22 марта 2015 г. в 20:39
Дорогие читатели 41 кг и 44 кг, это последняя глава второй части. Спасибо всем, кто был со мной и Тецуей на протяжении этих двух лет. Я заканчиваю вторую часть так, как она и должна закончиться. И должна сказать - я действительно горжусь своим фанфиком и искренне люблю ее. Спасибо вам за вашу поддержку. Спасибо за ваше внимание и тепло.
М.Бексултанова Sode no Shirayuki
Небо цветет не раз в году – круглое лето. Звезды сыплются на волосы и одежду, только успевай поймать этот миг взглядом, сохрани в сердце. Лето – лучшее время, чтобы увидеть небо по-настоящему. Лето и лучшее время, чтобы попрощаться с ним навсегда.
Они шли с летнего фестиваля, конец августа, как последняя долька яблока, как первое дыхание осени. Шли рядом, но за руки не держались – они больше не были парой, точнее, они уже были больше, чем пара.
- Я писал тебе письма, - честно сказал Киеши. – Но не нашел в себе силы их отправить.
- Ничего страшного, - тихо отвечала она. Ей и на самом деле – не было страшно теперь. Киеши был рядом. Киеши рядом.
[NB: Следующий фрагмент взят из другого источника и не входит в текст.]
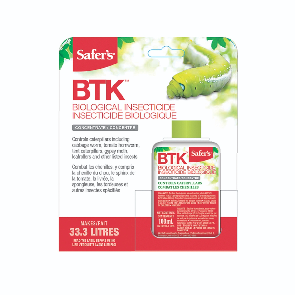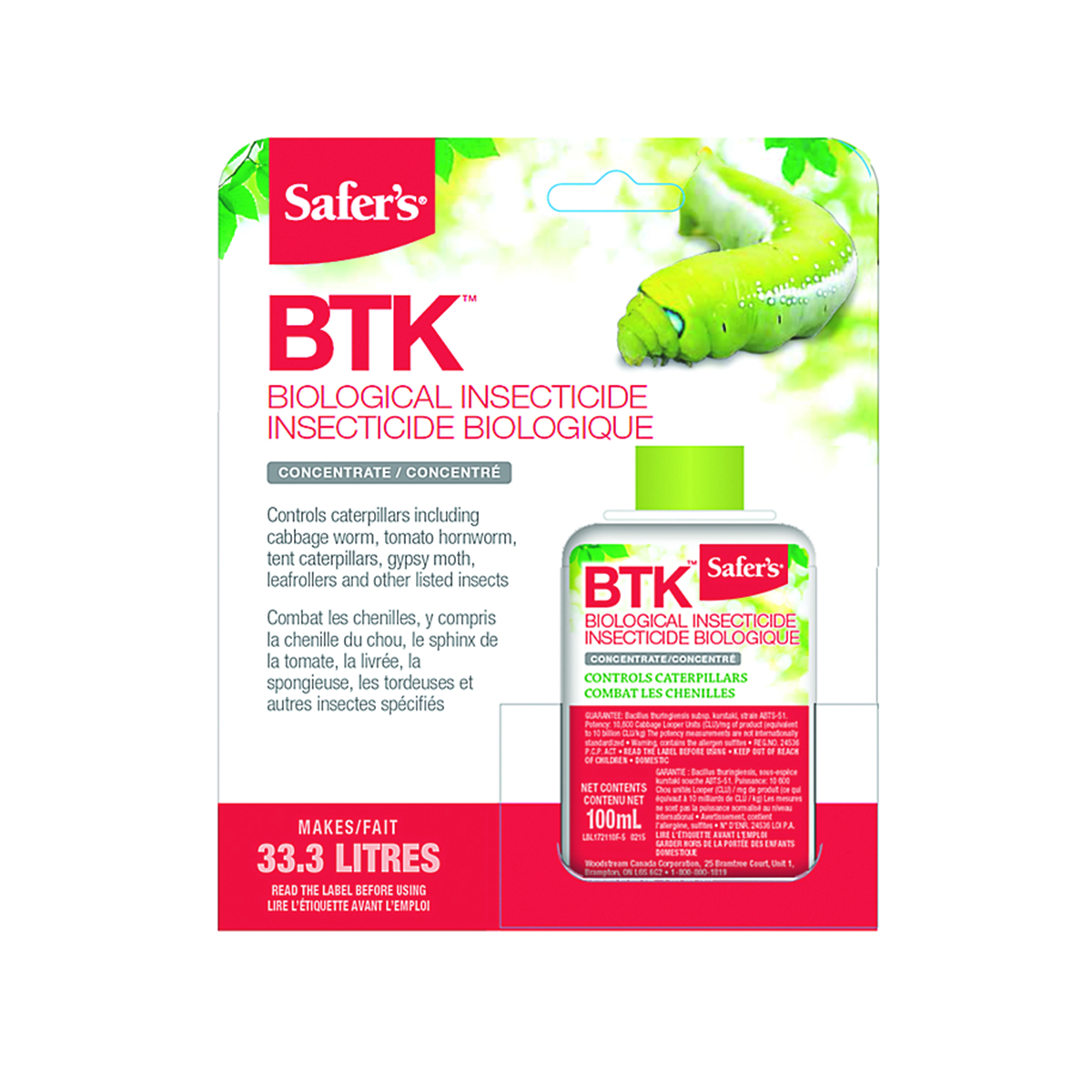 Safer’s BTK Caterpillar Killer is a biological insecticide that controls caterpillars including cabbage worm, tomato hornworm, tent caterpillars, gypsy moth, leafrollers, and other listed insects. Simply mix the concentrate with water and spray on vegetables, fruit, trees, and ornamentals. After ingesting the treated portion of the leaf, caterpillars stop feeding within hours and die within a few days. This 100mL concentrate makes 33.3L of solution.

Киеши будет рядом. Не с ней, наверное. Но – рядом, здесь, тут, совсем близко, там, где отчаянно и горячо бьется влюбленное сердце. Она не дрожала. Она хорошо спала по ночам. Она привыкла решать свои проблемы самой. Эдакий маленький голубоглазый герой. Сорок один – или чуть больше – килограмм живого веса, сердца, светлых волос, отваги. Ничего лишнего – ничего личного.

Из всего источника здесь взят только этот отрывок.